Мыс Бурь - Нина Берберова
Шрифт:
Интервал:
Закладка:
Пустая кровать наводила на Зай грусть, и она потушила свет, чтобы ее не видеть. Штору она забыла задернуть, и белый луч близкого уличного фонаря упал в комнату. Она заметила вдруг, что тишина состоит из какого-то шепота: это шел дождь за окном, не шумный зимний дождь, но шепчущий, шелестящий, уже почти весенний. Он шептал, он подсказывал, он говорил что-то, бегая по стеклу окна, вздыхая по карнизам, заодно с ветром. И это звучало шорохом, приглушенным шелестением, как «отченаш» в глубокой ночи, в доме, где все уже спали, и Зай закрылась с головой одеялом, чтобы его не слышать.
Глава тринадцатая
Тетрадь Сони ТягинойВ течение многих лет мне снился время от времени один и тот же сон. Началось это очень давно, возможно, лет с десяти. Приблизительно один раз в два-три года я видела себя на рельсах, со связанными руками и ногами, я была привязана к какой-то доске, и она мерно катилась на колесиках. Я катилась с тихим жужжаньем в желто-сером густом тумане, неподвижная, с неподвижным лицом, а впереди были рельсы, прямые, бесконечные. И вот из тумана навстречу мне начинали выныривать, тоже на рельсах, и тоже связанные, и тоже куда-то скользящие, такие же неподвижные куклы, в точности похожие на меня. Жужжание делалось непрерывным, туман окрашивал все вокруг в серо-желтый цвет. Мое напряжение росло, делалось все сильнее, пространство и время становились похожими друг на друга. И когда невозможно было вынести больше этих рельс, этой немоты, этого жужжания, я просыпалась. И некоторое время наяву еще продолжалось невыносимое чувство нераздельности двух стихий.

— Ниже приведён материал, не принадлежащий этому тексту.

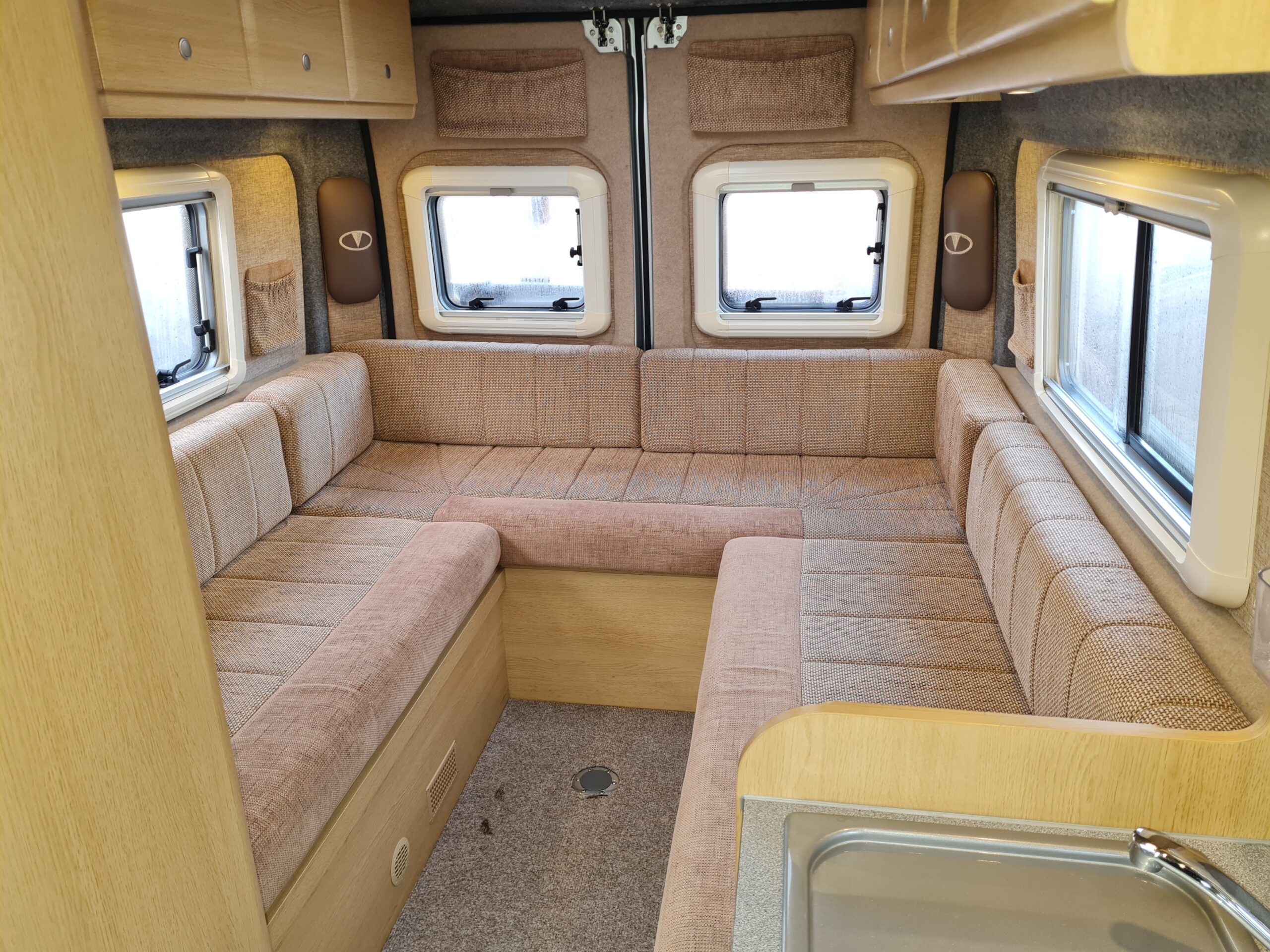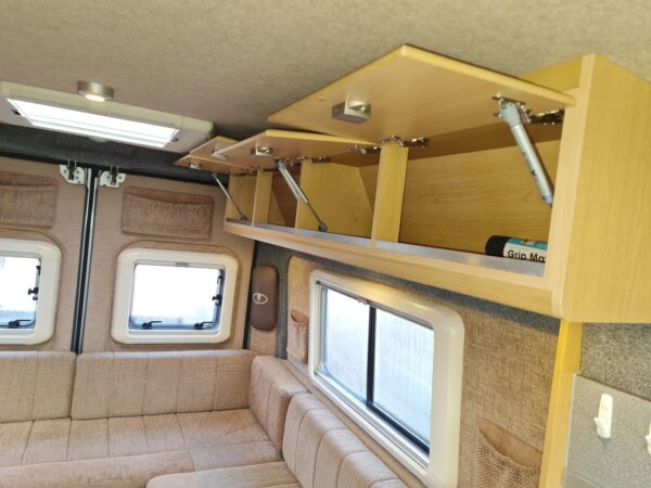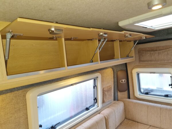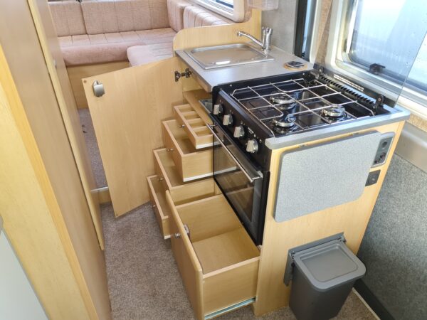 This lovely two berth motorhome has a rear u-shaped lounge that quickly converts in to a super king size bed with ample storage spaces below the rear seating and in the top lockers above. The kitchen area is well equipped with a combined gas oven and grill, triple burner gas hob, Vitrifrigo 12v compressor fridge / freezer. The front seats swivel to create a cosy dinette feature next to the sliding door and the bathroom that is located adjacent to the kitchen area is equipped with a bench style toilet, hand wash basin and shower. This lovely motorhome is just under 6m in length and at 3500kg is driveable by anyone with a full driving license.

В последние годы этот сон возвращался все реже. И вот уже давно его не было, и у меня, которая относилась к нему как к обыкновенному кошмару, появилось желание, чтобы он возник вновь. А между тем чувство одиночества, смерти, ужаса в нем было почти непереносимым, и ощущение слияния пространства и времени было свыше моих человеческих возможностей; и я знаю, что в этом сне неслись на меня какие-то сильнейшие элементы моего разрушения. Но страх, что я никогда, быть может, больше не испытаю этого кошмара, давит меня больше, чем самый кошмар.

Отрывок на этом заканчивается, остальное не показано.